HOW TO COMPLETE THIS TASK - All records below are to be set down precisely as written, excluding pictures.

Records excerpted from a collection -
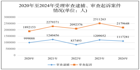 1. 刑事案件受理数量有所下降。2024年,全国检察机关共受理审查逮捕各类犯罪781919件1117281人,同比分别下降5.7%、7.6%;审查后共批准和决定逮捕752594人,同比上升3.6%。受理审查起诉各类犯罪1531209件2179648人,同比分别下降14.3%、13.2%;审查后决定起诉1630685人,同比下降3.4%。
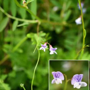 カスマグサ (カス間草) カラスノエンドウとスズメノエンドウとの自然交雑種です。スズメノエンドウと一緒に生えている事が多いですね。💕 カラスの㋕とスズメの㋜の間の草と言う意味で、この名前が付けられました。 因みに、野草の名前で動物の名が付いたものは、人の役に立たないと言いますが・・・🤔
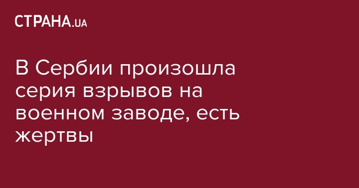 В центральной части Сербии, на складе с боеприпасами военного завода в городе Крагуевац произошла серия взрывов. Об этом сообщает портал B92 со ссылкой на Министерство обороны Сербии.
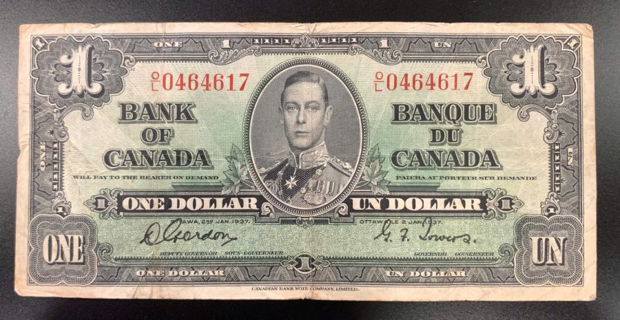 🌻🌻 Canada 1 dollar 1937 VF P58d
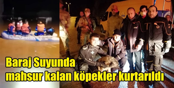 Kars'ın Sarıkamış İlçesi’nde su tutmaya başlayan Karakurt Barajı sularında mahsur kalan köpekler ekiplerin gayretli çalışmaları sonucu kurtarıldı.

WRITTEN REPLY -
 1. 刑事案件受理数量有所下降。2024年,全国检察机关共受理审查逮捕各类犯罪781919件1117281人,同比分别下降5.7%、7.6%;审查后共批准和决定逮捕752594人,同比上升3.6%。受理审查起诉各类犯罪1531209件2179648人,同比分别下降14.3%、13.2%;审查后决定起诉1630685人,同比下降3.4%。
 カスマグサ (カス間草) カラスノエンドウとスズメノエンドウとの自然交雑種です。スズメノエンドウと一緒に生えている事が多いですね。💕 カラスの㋕とスズメの㋜の間の草と言う意味で、この名前が付けられました。 因みに、野草の名前で動物の名が付いたものは、人の役に立たないと言いますが・・・🤔
 В центральной части Сербии, на складе с боеприпасами военного завода в городе Крагуевац произошла серия взрывов. Об этом сообщает портал B92 со ссылкой на Министерство обороны Сербии.
 🌻🌻 Canada 1 dollar 1937 VF P58d
 Kars'ın Sarıkamış İlçesi’nde su tutmaya başlayan Karakurt Barajı sularında mahsur kalan köpekler ekiplerin gayretli çalışmaları sonucu kurtarıldı.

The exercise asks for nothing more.